Since I've been getting bombarded with upgrade ads that I can't seem to disable each time I start Quicken I'm thinking of moving to another app like Moneydance. It feel like an end of an era.

[curun1r]

First, Quicken was sold to a private equity firm at the beginning of last year, so you can't really blame Intuit for it anymore.

Second, even before it was sold, it was like Intuit's vestigial tail. It was an important part of the evolution of the company, but it didn't fit into what Intuit was trying to do and was largely ignored inside the company. Even before they announced plans to sell it, it felt like the kitchen table they keep at headquarters...something that's there to remind people of Intuit's past but feels really out of place with its present.

[mfrye0]

Agreed. I used to work for a division of Intuit (not financial stuff) and a lot of the dev work I saw was pretty shoddy. Lots of weird bugs constantly.

With that said, security is taken very seriously and most of the stuff I experienced was UI related. So hard to say...

[fweespeech]

Tbh, its only worth considering for pure "credit card" services where its essentially read-only already and any damage can be attributed to fraud you can perform a chargeback against.

That being said, if you run all your spending through your credit cards except obvious notables you update manually you are golden. (i.e. Rent/Mortgage)

[d0while]

Me too.

[gregable]

It would be interesting if there were a way to run a local client that holds your credentials and does the screen scraping to send back to this API (or others).

[thwarted]

I believe Wesabe had an implementation that did this.

From http://blog.precipice.org/why-wesabe-lost-to-mint/

   Wesabe built our own data acquisition system, first
   using downloadable client programs (partially because
   that was easier and partially to preserve users’
   privacy)

[viraptor]

Technically, they could provide a self-hosted version. But that may not be a very profitable business. Also, screen scraping needs continuous updating as the bank's interface changes.

[echion]

> I'm already doing bank screen scraping for myself

Any tools you recommend, or is it all hand-rolled?

[viraptor]

The best option I found (for read-only access) was chromedriver > download CSV statement > process that into your own database.
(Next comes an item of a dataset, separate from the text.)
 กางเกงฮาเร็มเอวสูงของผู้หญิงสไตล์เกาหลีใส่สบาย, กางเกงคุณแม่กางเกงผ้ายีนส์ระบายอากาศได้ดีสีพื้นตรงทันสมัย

Using minimal standard screen scraping will be hard because most bank apps are a complicated mess of client and server side processing using ancient tech. After many tries, I just used python+chromedriver and that's doable in ~100 loc per bank.

CSV statements because OFX and others are a complete mess in most cases. I haven't seen a single compliant and correct file so far. (This may be AU specific)
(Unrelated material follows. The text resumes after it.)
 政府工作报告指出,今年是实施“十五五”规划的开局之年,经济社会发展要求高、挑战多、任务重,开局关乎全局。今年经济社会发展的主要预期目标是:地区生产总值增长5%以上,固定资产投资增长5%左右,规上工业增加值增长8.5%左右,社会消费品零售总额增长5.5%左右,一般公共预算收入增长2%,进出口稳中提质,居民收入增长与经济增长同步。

Own database / spreadsheet so you have a local copy you can easily filter on. Obtaining specific date range from a bank may be an interesting challenge. I default to importing last 30 days every day with duplicates detected using a hash(date-description-amount-idx) where idx increases for every date-desc-amount duplicate.

So far I'm happy. Actually I'm in the process of writing a post about it - will submit sometime next week most likely.

[mkurz]

Looking forward to that blog post since we need to solve something similar.

[deejbee]

Coming from a slightly different angle but it may be of use, I wrote a chrome browser extension that automates logging into banks and other financial sites. It also scrapes the balances once logged in to provide a net worth total. It currently works on around 25 banks (mainly UK). You can also build your own logins and all passwords/private data are stored encrypted in the browser.
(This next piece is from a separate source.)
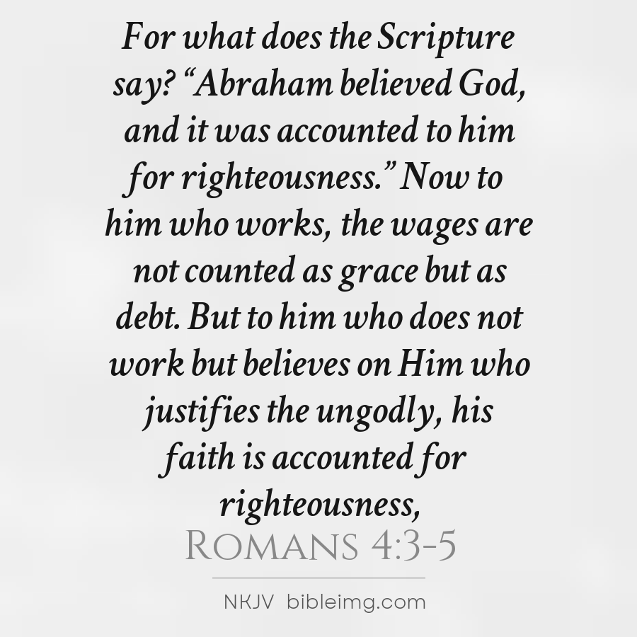 For what does the Scripture say? “Abraham believed God, and it was accounted to him for righteousness.” Now to him who works, the wages are not counted as grace but as debt. But to him who does not work but believes on Him who justifies the ungodly, his faith is accounted for righteousness,

I wrote it as I just spend too much time digging out passwords all the time and the usual crowd like LastPass are a) stored online and b) fail to login automatically to complex input sequences like banks.

[smichael]

I hand-rolled a wells fargo scraper recently using the haskell webdriver package and Selenium. It was working fairly well until they started requiring a captcha - something I've never seen as a human user. I'm not quite sure what triggered that or how to get around it.